Biz Max'le konuşmaya dalmışken gayet güzel olan sohbetimizi çok sevgili (!) hocamız bozmuştu. Daha müzik odasına bile sevinememiştim ki.

''Gençler siz ne konuşuyorsunuz, Max?''

''Hiç.''

''Yanındaki öğrencimiz yeni sanırım.''

''Evet yeni geldi.''

''Kalk bakalım kızım kendini anlat biraz. Bu arada ben Tom Clarke düşünce öğretmeniyim.'' Eliyle beni işaret edince oturduğum yerden yavaşça ayağa kalktım.

''Ben Angel Morgan. Buraya yeni taşındım.''

''Ne zamandır vampirsin.''

''Bir kaç aydır.''

''Yeniymişsin. Peki, seni kimin dönüştürdüğünü sorsam?''

Gözlerimi sıkıca kapatıp açtım.''Tyler. Tyler Stayn''

''Köken vampir olan mı?''

''Şey evet.''

Düşünce öğretmeni Tom biraz şaşırsada belli etmemeye çalışarak durumu hemen toparladı.

''Onun ismini duymuştum. Peki oturabilirsin.''

''Teşekkürler.''

Tyler'ın adını söyleyince kendimi kötü hissetmiştim. Sanki içimdeki bazı şeyler tekrar hareketleniyordu. Joe da olduğu gibiydi ama sakin olmalıydım.

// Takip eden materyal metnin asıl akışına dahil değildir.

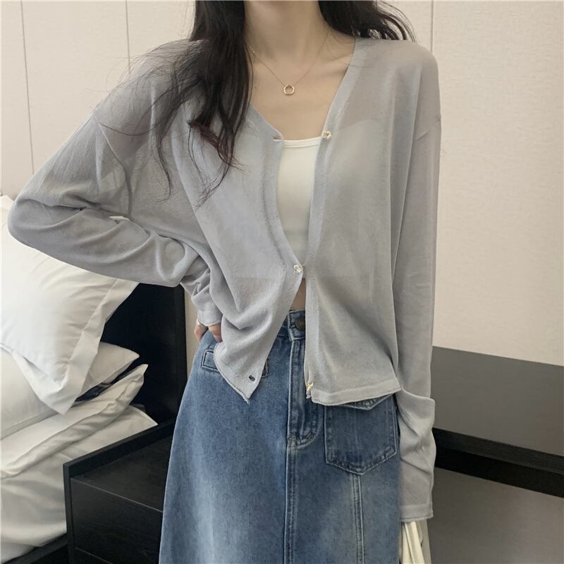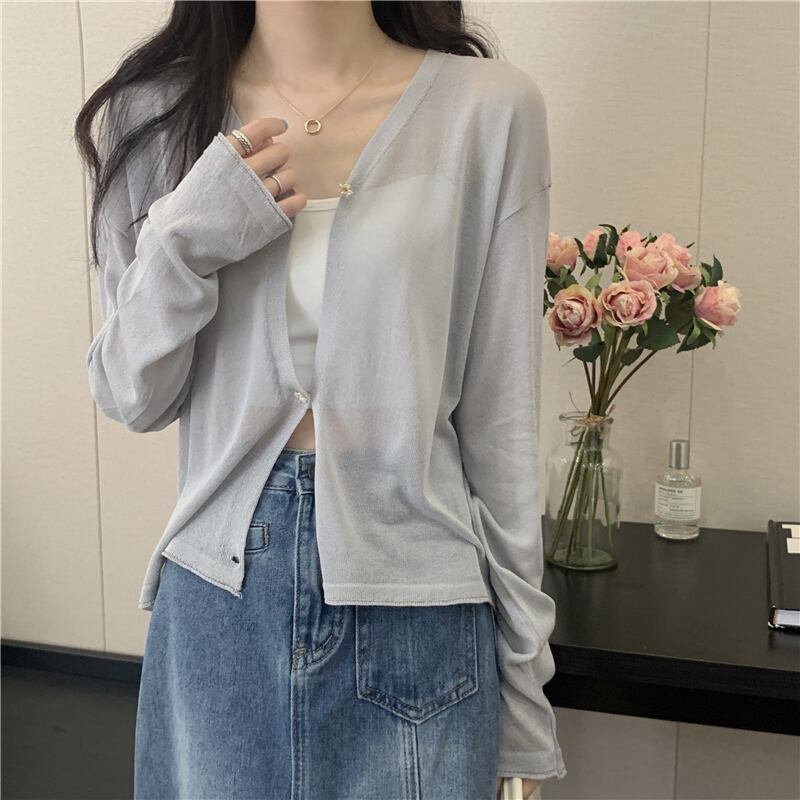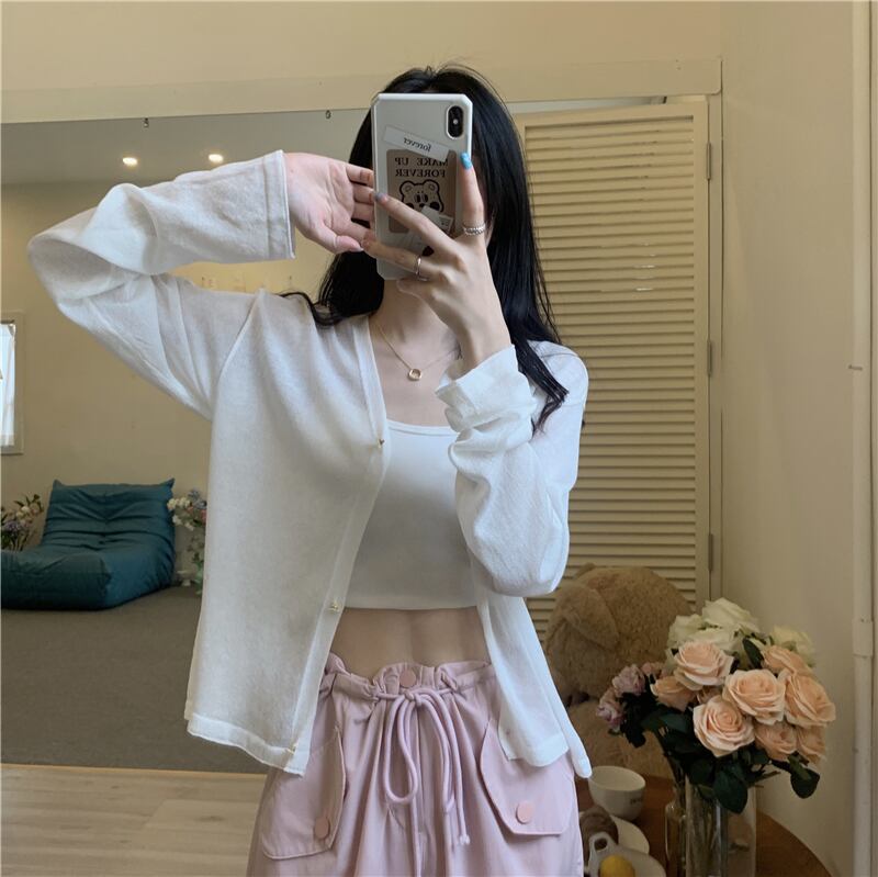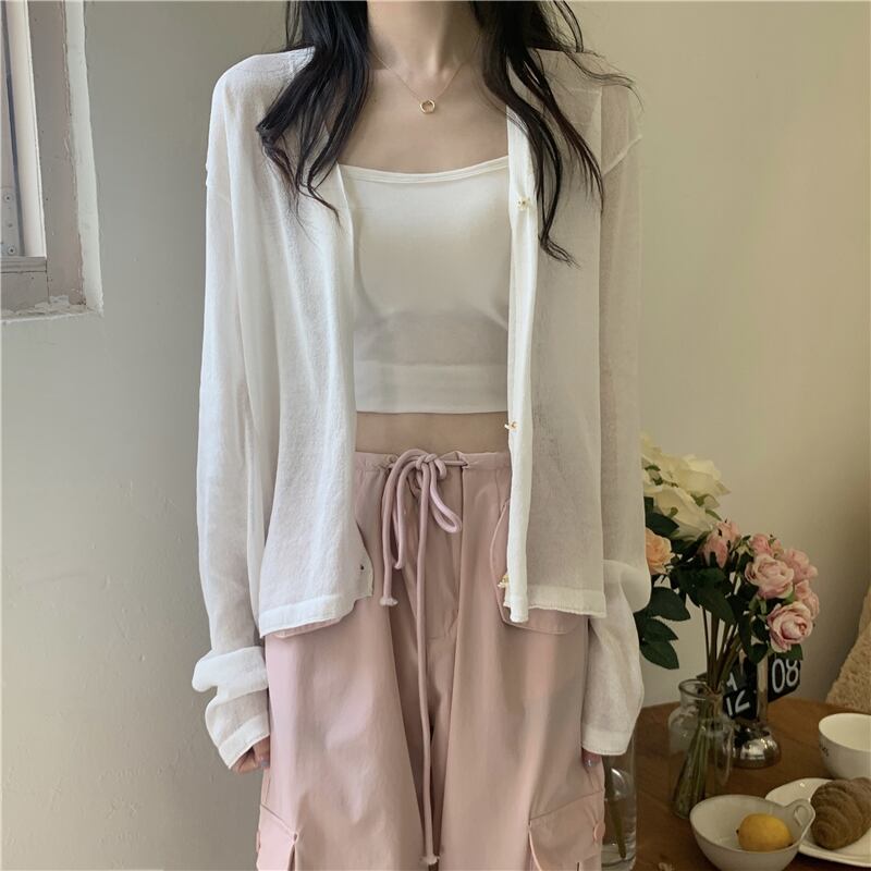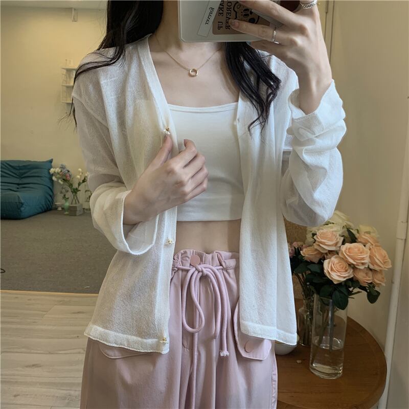 ホワイトアイスシルクサンスクリーンレディースサマー薄手ニットカーディガンコート、サスペンダーと半袖ショールブラウス ショート ロング 夏物 7460088575639485 | framboise21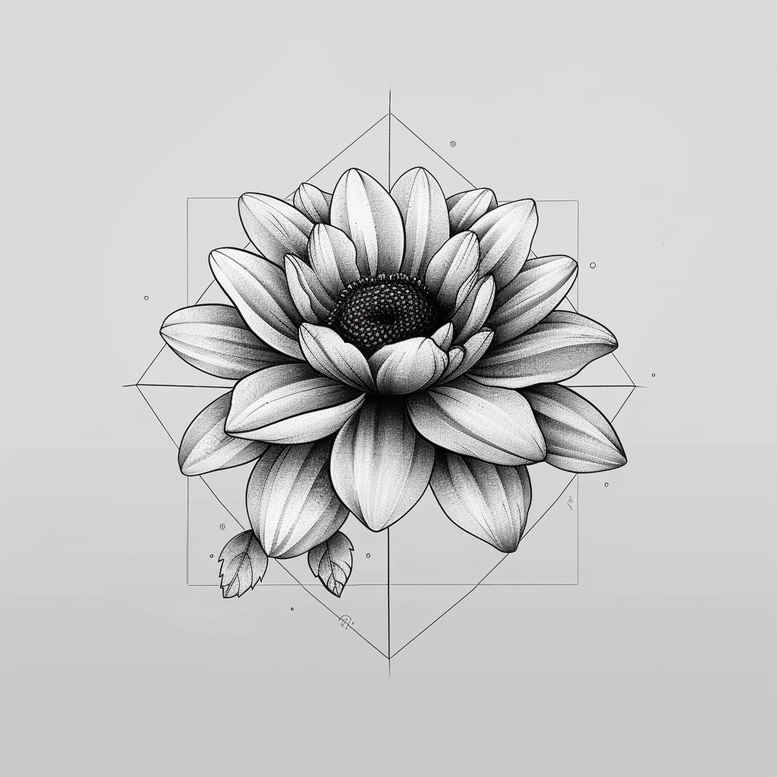 Designed as an AI-generated tattoo project concept, this image presents a lotus blossom anchored by a geometric diamond frame. The central lotus is rendered in fine line black and grey shading, its petals delicately layered to suggest depth and softness while preserving clean linework suitable for a tattoo. Beneath the bloom, a geometric diamond outline anchors the composition, creating a modern contrast that emphasizes symmetry and precision. The combination of natural floral form and geometric geometry evokes themes of growth, balance, and mindfulness, making for a meaningful tattoo design for those who value harmony between organic beauty and structured order. The lotus has long symbolized purity, enlightenment, and resilience; paired with the diamond geometry, it could signify clarity shaped through disciplined practice. The piece leans into fine line technique, with soft gradient shading to imply depth without heavy shading; small tattoos enthusiasts often appreciate its subtlety. While the main motif is delicate, the strong silhouettes ensure legibility on forearms, wrists, or ankles. The black and grey palette ensures timelessness and compatibility with different skin tones; the linework remains crisp with proper needle selection, while the negative space around the petals enhances readability. Visually, the tattoo design balances soft botanical curves with the angular geometry of a diamond lattice, creating a pattern that can be adapted into a larger sleeve or a discreet cap line piece. This concept is versatile and suitable for a cover-ready layout if desired, and serves as a robust baseline for a custom tattoo design. In summary, the composition uses lotus symbolism, geometric patterning, and refined fine line technique to deliver a contemporary, meaningful tattoo concept for those seeking small tattoos or a statement piece with cultural resonance. AI origin remark included to indicate this is an AI-generated tattoo project concept.

O burada değildi. Güvendeyim. Mutlu olmalıydım. Ondan intikamımı ileride alacaktım. İleride...

Güzel şeyler düşün Angel diye kendi kendime sakinleşmeye çalıştım. Çiçek, kuş, kelebek, elbise, ayakkabı, topuklu, sivri, vampir, insan,''KAN''

Hayır hayır kan düşünmeyi kes Angel. Kes şunu!!! Kan falan yok. Hayır kan yok!!!